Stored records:
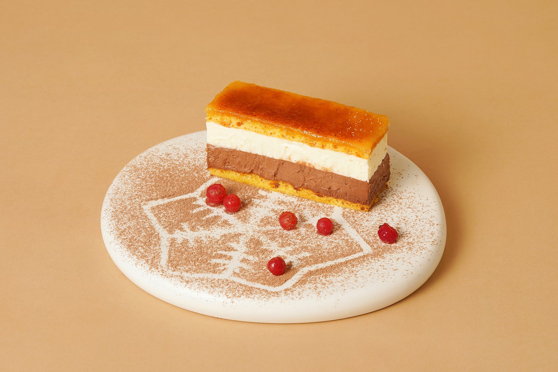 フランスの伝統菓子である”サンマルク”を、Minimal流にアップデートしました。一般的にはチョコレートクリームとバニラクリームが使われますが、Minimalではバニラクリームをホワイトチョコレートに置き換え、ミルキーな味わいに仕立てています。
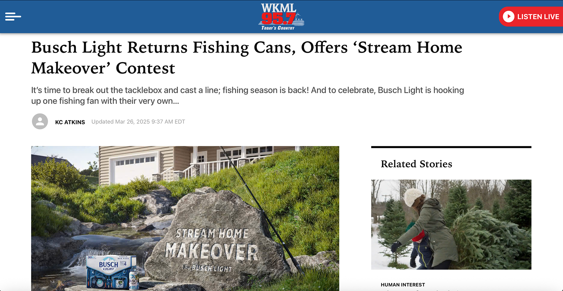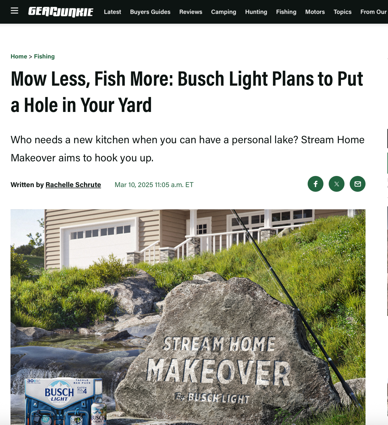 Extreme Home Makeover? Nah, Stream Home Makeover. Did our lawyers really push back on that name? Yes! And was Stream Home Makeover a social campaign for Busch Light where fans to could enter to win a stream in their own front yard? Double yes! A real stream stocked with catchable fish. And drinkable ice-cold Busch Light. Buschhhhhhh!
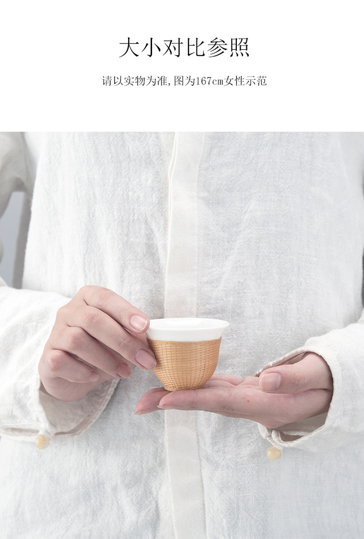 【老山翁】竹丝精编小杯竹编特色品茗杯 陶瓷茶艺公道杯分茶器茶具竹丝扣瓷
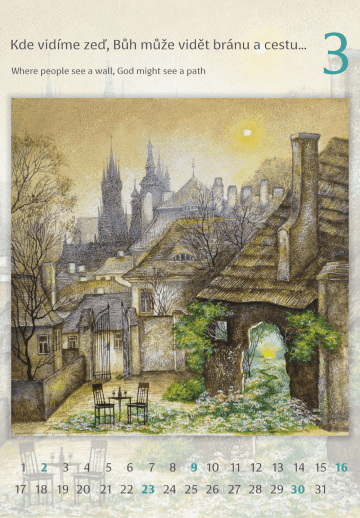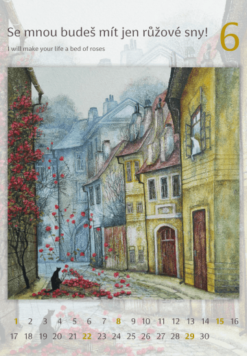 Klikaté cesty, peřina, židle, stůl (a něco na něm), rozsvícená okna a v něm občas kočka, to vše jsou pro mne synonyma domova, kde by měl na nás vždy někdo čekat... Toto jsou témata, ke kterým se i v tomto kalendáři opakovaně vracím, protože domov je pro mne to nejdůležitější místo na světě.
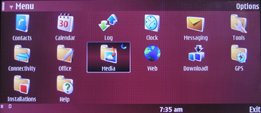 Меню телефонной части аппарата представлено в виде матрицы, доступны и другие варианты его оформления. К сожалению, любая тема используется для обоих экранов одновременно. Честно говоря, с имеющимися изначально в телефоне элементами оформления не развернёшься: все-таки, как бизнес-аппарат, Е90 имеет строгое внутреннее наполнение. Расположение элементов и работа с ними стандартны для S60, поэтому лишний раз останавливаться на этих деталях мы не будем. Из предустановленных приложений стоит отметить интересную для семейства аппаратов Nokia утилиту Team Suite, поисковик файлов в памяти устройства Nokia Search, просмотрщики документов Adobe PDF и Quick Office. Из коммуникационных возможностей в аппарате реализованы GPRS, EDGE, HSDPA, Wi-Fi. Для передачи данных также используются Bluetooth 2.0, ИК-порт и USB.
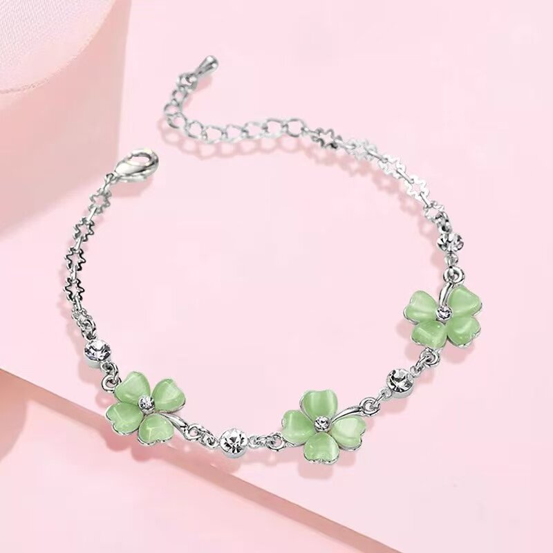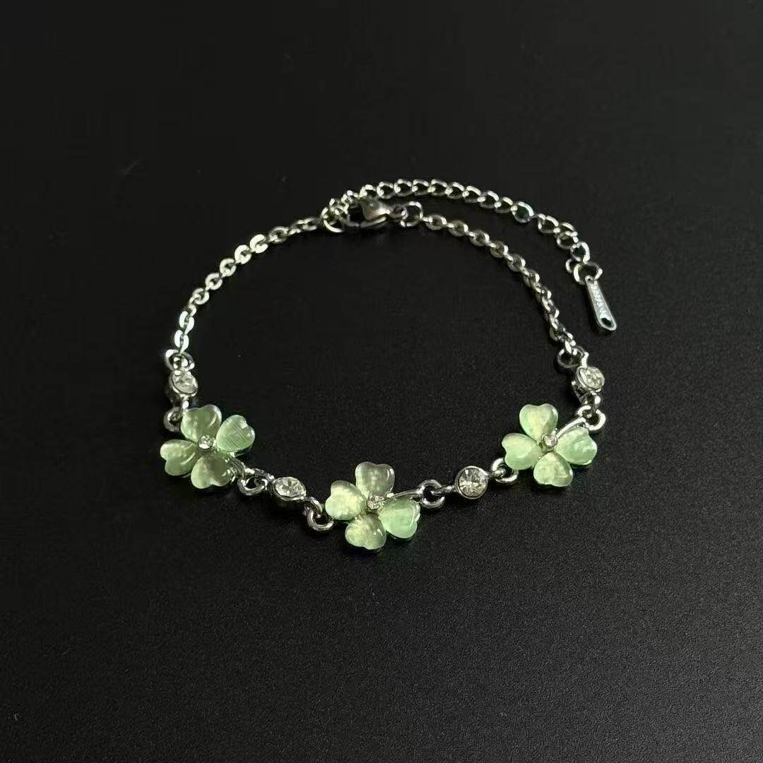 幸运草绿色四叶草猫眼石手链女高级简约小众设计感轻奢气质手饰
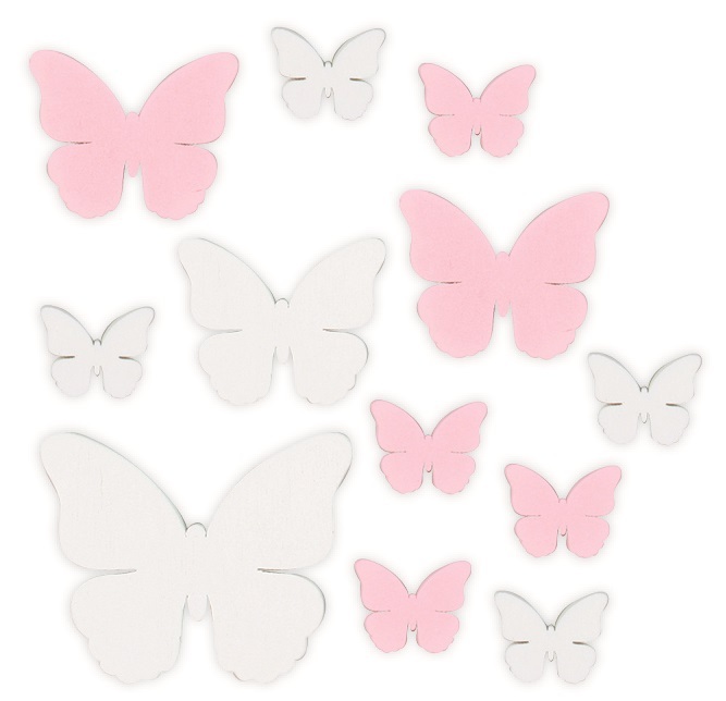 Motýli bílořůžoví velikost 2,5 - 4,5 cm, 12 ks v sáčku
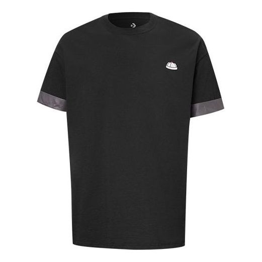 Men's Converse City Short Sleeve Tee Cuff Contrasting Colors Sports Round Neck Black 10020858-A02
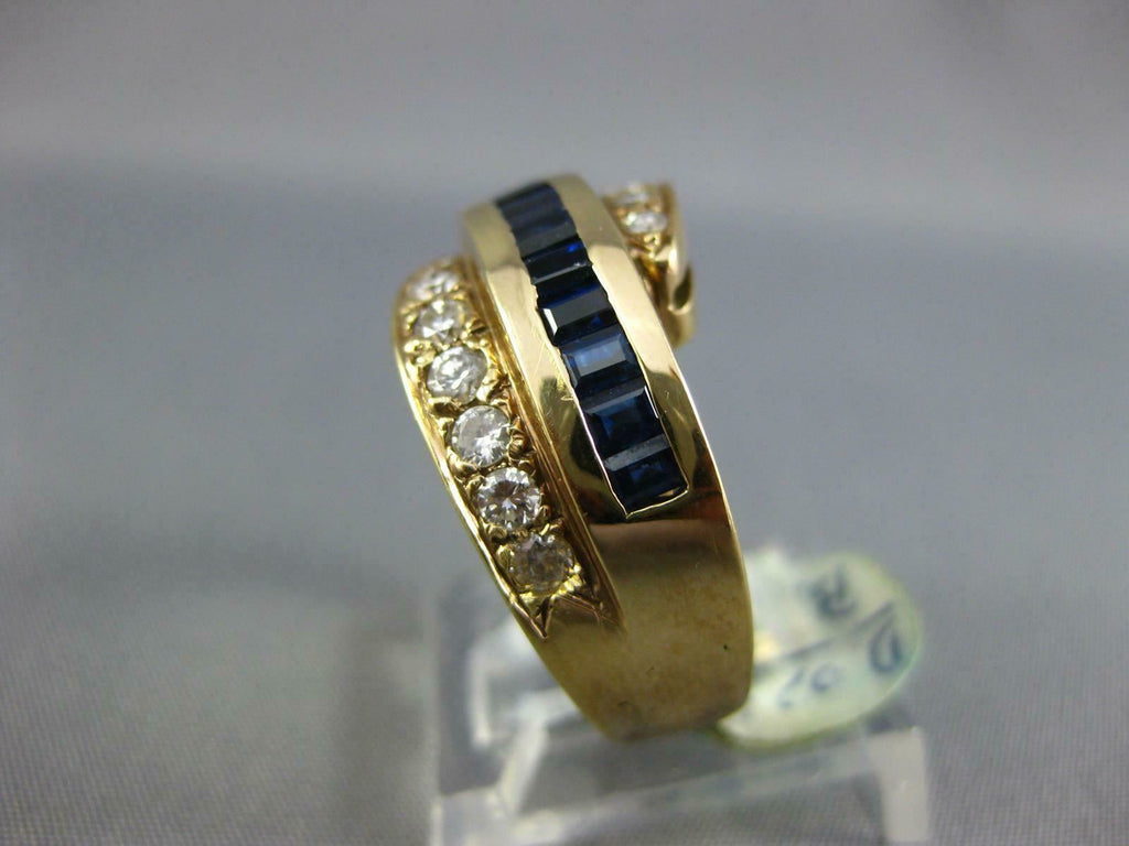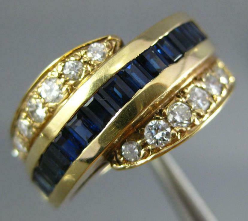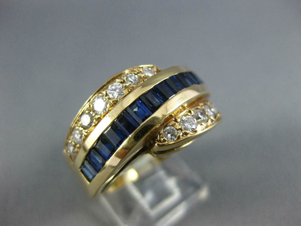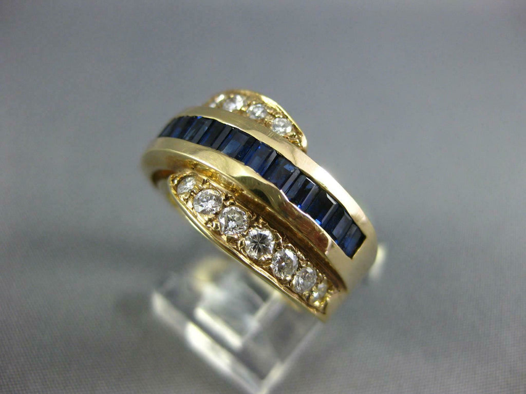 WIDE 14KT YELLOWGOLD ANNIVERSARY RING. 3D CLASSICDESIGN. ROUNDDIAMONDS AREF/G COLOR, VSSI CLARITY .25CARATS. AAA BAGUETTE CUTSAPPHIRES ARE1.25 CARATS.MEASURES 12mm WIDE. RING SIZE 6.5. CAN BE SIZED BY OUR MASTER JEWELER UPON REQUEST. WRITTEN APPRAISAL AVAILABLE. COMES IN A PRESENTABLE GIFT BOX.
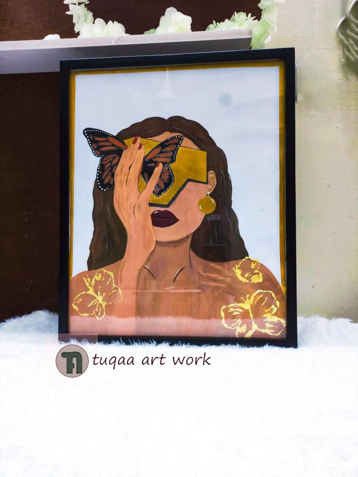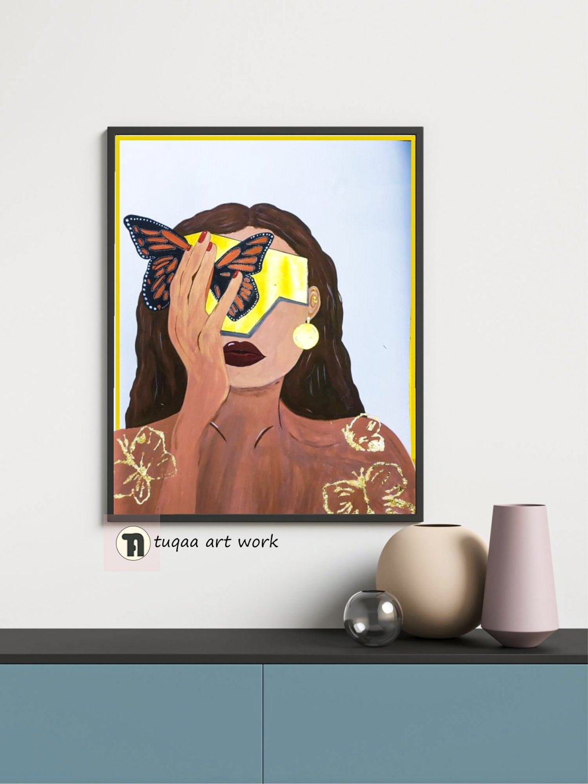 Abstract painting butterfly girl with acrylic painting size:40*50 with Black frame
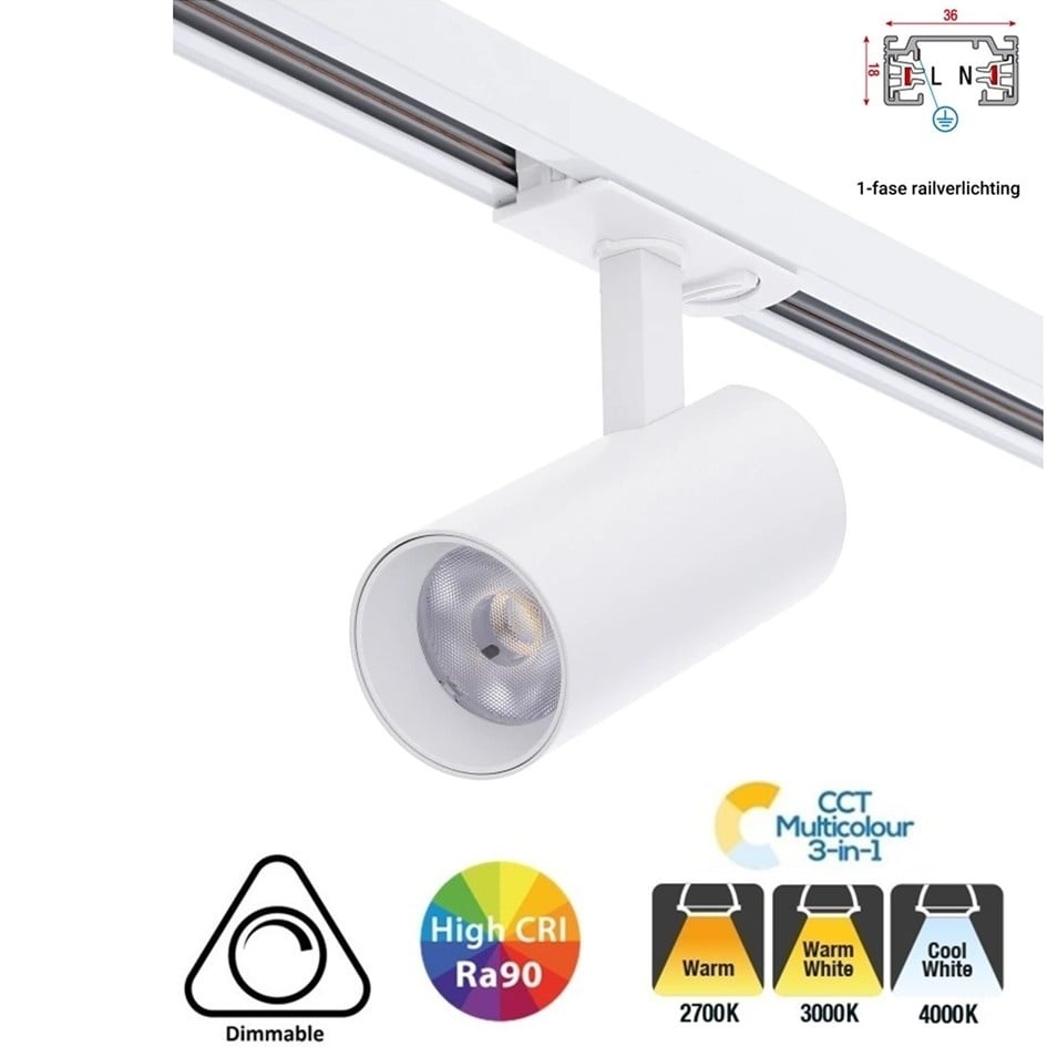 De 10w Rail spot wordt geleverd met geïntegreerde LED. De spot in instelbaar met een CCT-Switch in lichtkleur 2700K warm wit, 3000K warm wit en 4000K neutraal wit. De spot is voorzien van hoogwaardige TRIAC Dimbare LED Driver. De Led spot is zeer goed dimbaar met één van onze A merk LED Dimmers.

#### Problem details:
From the first line of the records through the line with "Men's Converse City", reproduce each line exactly and leave the pictures out.

#### Exercise answer:
 フランスの伝統菓子である”サンマルク”を、Minimal流にアップデートしました。一般的にはチョコレートクリームとバニラクリームが使われますが、Minimalではバニラクリームをホワイトチョコレートに置き換え、ミルキーな味わいに仕立てています。
 Extreme Home Makeover? Nah, Stream Home Makeover. Did our lawyers really push back on that name? Yes! And was Stream Home Makeover a social campaign for Busch Light where fans to could enter to win a stream in their own front yard? Double yes! A real stream stocked with catchable fish. And drinkable ice-cold Busch Light. Buschhhhhhh!
 【老山翁】竹丝精编小杯竹编特色品茗杯 陶瓷茶艺公道杯分茶器茶具竹丝扣瓷
 Klikaté cesty, peřina, židle, stůl (a něco na něm), rozsvícená okna a v něm občas kočka, to vše jsou pro mne synonyma domova, kde by měl na nás vždy někdo čekat... Toto jsou témata, ke kterým se i v tomto kalendáři opakovaně vracím, protože domov je pro mne to nejdůležitější místo na světě.
 Меню телефонной части аппарата представлено в виде матрицы, доступны и другие варианты его оформления. К сожалению, любая тема используется для обоих экранов одновременно. Честно говоря, с имеющимися изначально в телефоне элементами оформления не развернёшься: все-таки, как бизнес-аппарат, Е90 имеет строгое внутреннее наполнение. Расположение элементов и работа с ними стандартны для S60, поэтому лишний раз останавливаться на этих деталях мы не будем. Из предустановленных приложений стоит отметить интересную для семейства аппаратов Nokia утилиту Team Suite, поисковик файлов в памяти устройства Nokia Search, просмотрщики документов Adobe PDF и Quick Office. Из коммуникационных возможностей в аппарате реализованы GPRS, EDGE, HSDPA, Wi-Fi. Для передачи данных также используются Bluetooth 2.0, ИК-порт и USB.
 幸运草绿色四叶草猫眼石手链女高级简约小众设计感轻奢气质手饰
 Motýli bílořůžoví velikost 2,5 - 4,5 cm, 12 ks v sáčku
 Men's Converse City Short Sleeve Tee Cuff Contrasting Colors Sports Round Neck Black 10020858-A02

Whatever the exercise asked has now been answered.